Drummo Mar 16, 2010 8:08 AM	The facilities need to be available for the secure access of online banking. A lot of you are arguing this point. I agree with you, but stop passing the buck and take some responsibility for your selves. They are available. even if not all are provided by the bank but unless the bank provides it, and denies access without it, people will still manage to give their money away. You cannot educate those who do not wish to be educated. "What's a token?" "I shouldn't have to pay for that!" "How do I use the disk?" Yes the last one Sams already answered, and it IS as simple as putting in the disk and turning the computer on, but people will ask the question which means people will need to be there to answer it. Even with proper documentation being supplied people will STILL ask the question. You tell people that smoking kills. They continue to smoke. You tell teenagers to use condoms. They become parents at 15. You tell people not to drink and drive. They pass out at the wheel and wrap themselves around a tree. You tell people not to click on links, or follow directions in emails they receive from their 'bank'. They hand over their account details to complete strangers. Foolproof is a misconception, any fool can tell you that.

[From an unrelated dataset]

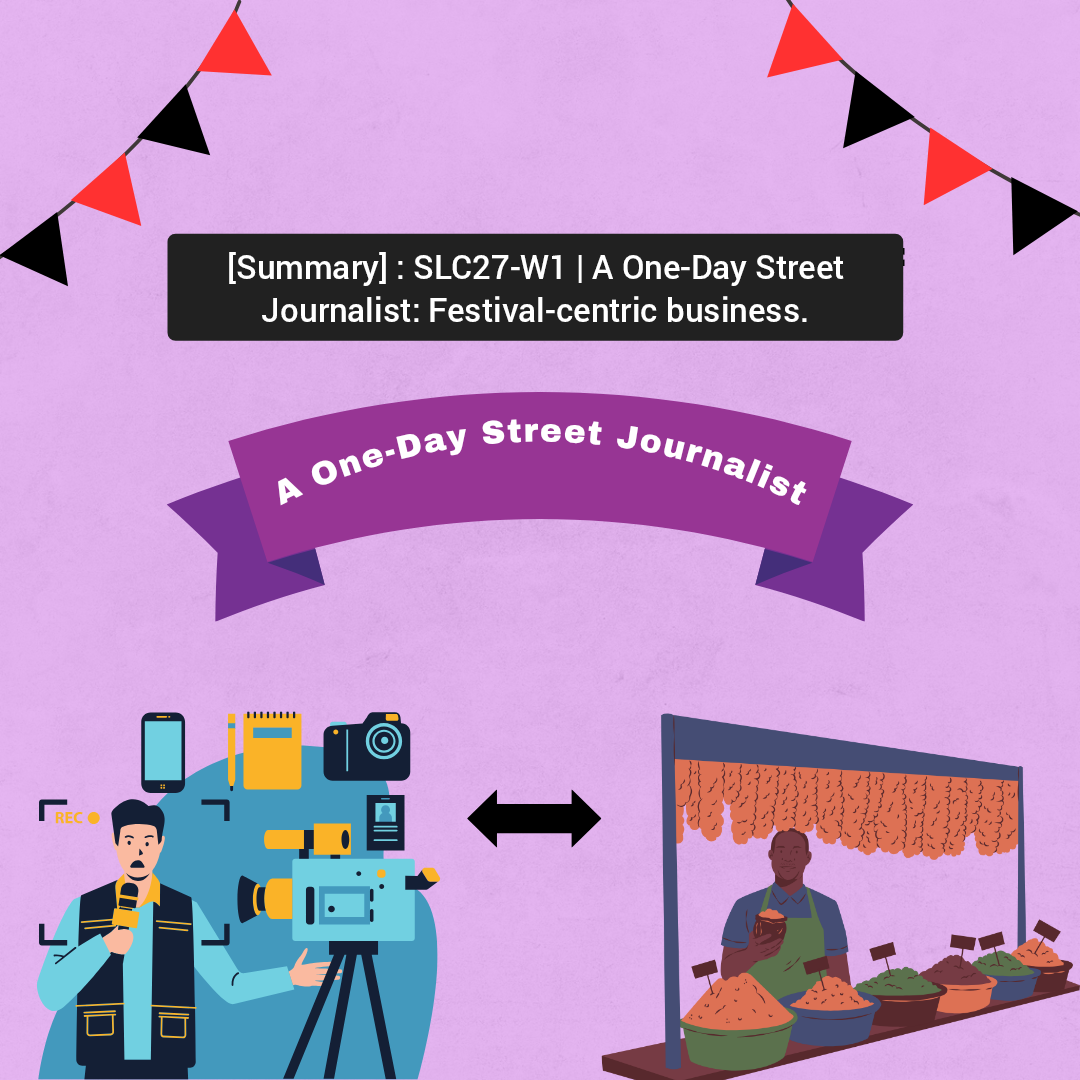 [Summary] : SLC27-W1 | A One-Day Street Journalist: Festival-centric business.

mkotadia Mar 16, 2010 10:10 AM	Thanks for all your comments. In case you hadn't realised, NSW Police recently contacted me about whether this story was 'fair'. You can read all abotu it here: http://bit.ly/c9LHTp Also, i am going to meet a company this afternoon that has a product designed specifically for secure communications on a suspect computer. watch this space!
Graeme Harrison (prof at-symbol post.harvard.edu) Mar 19, 2010 3:55 PM	Yes, and the new super-secure device in the new article on ITnews in March 2010 is.... a clean Ubuntu boot off a thumb drive (miniature USB stick). The fact that the security experts decided to go that way should be taken on board by some who (in other articles' posts) have claimed that Open Source operating systems and software do not help with security. But it is far easier to lock-down a small Linux boot, than to ensure a Windows OS is clean. So when you boot up, you have an un-interfered-with browser session, with no chance of a keystroke logging or screen-wiping app sitting in the background. You sort of get this with the iPhone app, but as they are about to release a multi-tasking version of the iPhone OS, it won't be long before you'll have to worry about malware looking at what you are entering into an SSL internet-banking session!